A recreation of an Age image from a 1988 article that included the voices of Indigenous leaders.Credit: Matt Davidson
In 1967, The Age led the way in its campaigning for a Yes vote to count Aboriginal and Torres Strait Islander people as part of Australia’s population and to enable the Commonwealth to make laws for them.
“Voting Yes to these proposals is a simple matter of humanity. It is also a test of our standing in the world,” the newspaper’s editorial, published four days before the historic ballot, read.
That statement remains true of the 2023 referendum.
Unlike the 1967 referendum, however, the Indigenous Voice to parliament has not enjoyed cross-party endorsement. Opposition Leader Peter Dutton scuppered those hopes when he announced in April that he would actively campaign against the Voice.
In ’67, The Age reported that the debate over the “Aboriginal issue” was “almost ignored” by the government and opposition.
In 2023, the Voice campaign became a “convincing ground” in a battle for hearts and minds waged mainly, but not exclusively, between the major parties. This persistent political partisanship between duelling politicians kept the Voice firmly mired in Canberra when it desperately needed to become a community-led people’s movement.
As the intensity of a No campaign that included many falsehoods and misrepresentations ramped up, the political nature of the contest left the broader public apathetic. Preoccupied with the more immediate concerns in their lives – such as the soaring costs of living – the public’s early enthusiasm for a Yes vote slid.
A disinformation campaign – imported from the US – advanced truth decay here. An upsurge in racist hate and abuse online was the result. This hostile atmosphere intensified feelings of fear and despair among Indigenous people, particularly youth.
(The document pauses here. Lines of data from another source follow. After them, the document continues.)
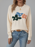 A perfect blend of feminine charm and cozy comfort. This sweater features a beautiful floral pattern that adds a touch of elegance to any outfit, making it an ideal choice for both casual and semi-formal occasions.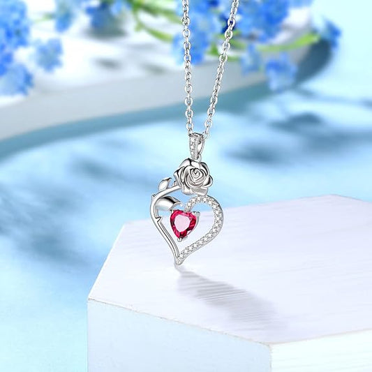 Jewmon Heart Rose Birthstone Necklace for Women 925 Sterling Silver Rose Flower Heart Birthstone Pendant Necklace Rose Necklace Birthstone Jewelry for Birthday Draduation Christmas Gift for Women Girl
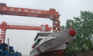 4月26日上午,江蘇鎮江船廠為江蘇海事局建造的批量海巡船中的第二艘船順利下水。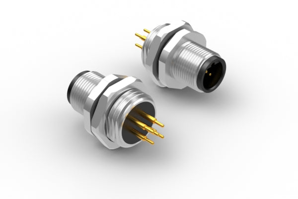 Connector, M12 B-code plug, 5 pin, 12xL29.2 mm, panel mount, thru hole, gold plated, IP67
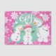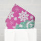 Holiday Tissue Paper mit whimsical, farbenfroh Design mit einem heißen Rosa mit weißem Schneeflocken Hintergrund, einem Kreis aus Aqua-Blau mit kleinen weißen Polka Punkte, und drei bezaubernde Schneemänner mit rosa und blauen Winterhüten und Schals und weißem Text, der Joy liest!

Until recently, the toll on the mental health and wellbeing of First Nations people from the No campaign’s Trumpian efforts to derail the Voice has generally been underappreciated. Indigenous people have been left asking why that is, particularly when the abusive social environment in the lead-up to the same-sex marriage plebiscite in 2017 gave rise to wider public empathy.
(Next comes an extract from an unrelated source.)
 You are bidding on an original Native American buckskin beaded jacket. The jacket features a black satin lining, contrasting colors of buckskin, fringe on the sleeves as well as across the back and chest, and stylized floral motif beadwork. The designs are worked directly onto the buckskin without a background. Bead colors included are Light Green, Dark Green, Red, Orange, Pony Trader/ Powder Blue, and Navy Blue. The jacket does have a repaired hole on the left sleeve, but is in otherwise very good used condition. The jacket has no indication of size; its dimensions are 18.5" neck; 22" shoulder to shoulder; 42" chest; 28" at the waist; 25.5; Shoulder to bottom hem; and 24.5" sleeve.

The Age has spoken to Indigenous people across this state, and indeed the country, during the Voice campaign. Our Indigenous affairs reporter, Birpai man Jack Latimore, consulted widely in cities and on Country. The information he has gathered and his own expert view has guided this masthead’s position. A majority of Aboriginal people will vote Yes to the Voice, understanding that it is not an endpoint but a step towards enabling First Nations people to participate more fully in Australian society.
A vote of No would be an active choice to perpetuate the exclusion of these communities. Passively maintaining the status quo is unacceptable, but choosing to stifle Indigenous advancement is unforgivable.
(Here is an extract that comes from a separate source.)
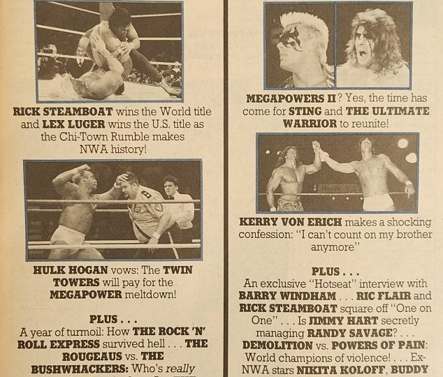 Next, the feature article about Ricky Steamboat, who says he’s not a real champion until he beats Luger & Sting. The real substance of the article is that Flair had lots of babyface challengers to wrestle, such as Sting, Luger, Rick Steiner, Ricky Morton, Dusty Rhodes, and Steamboat himself. Steamboat, by comparison, doesn’t have a ready list of capable heels ready, with only Flair, Mike Rotundo, and Barry Windham as serious challengers. (And Windham, the magazine speculates, might steer clear to let Flair have an unobstructed path.) Who else is there? The Iron Sheik? He’s past his prime. Butch Reed? C’mon. That’s why Steamboat, if he wants to prove himself to be a real champion, will need to wrestle guys like Sting and Luger. For his part, Steamboat says he’s not challenging them, but they’re welcome to have all the title shots they want. “I know I’m not a real champ until I beat them.” Sting and Luger say they’d like to wrestle for the title, but they don’t see the NWA setting the matches up. “Put it this way,” says Sting, “the promoters have this idea that the fans need somebody to root for and somebody to root against. They don’t understand that plenty of fans love to see great wrestling and can root for both men.” Flair, however, says he doesn’t see why Steamboat needs to wrestle those guys, insisting he’s the only challenger who matters. “I beat both Luger and Sting several times, so why should Steamboat wrestle inferior competition? They were never world champion, so they don’t fit into the equation.” Steamboat, however, says Sting and Luger are every bit as good as Flair, and he wants to take on all competitors.

Those intending to vote No should consider how they would explain their decision to an Aboriginal child years from now.
The Voice provides an opportunity to work towards equality and the meaningful inclusion of Aboriginal and Torres Strait islander communities in decisions that will craft their future.
It would not solve all problems, but it would be a starting point to achieving the principles this country endorsed in that UN declaration 15 years ago.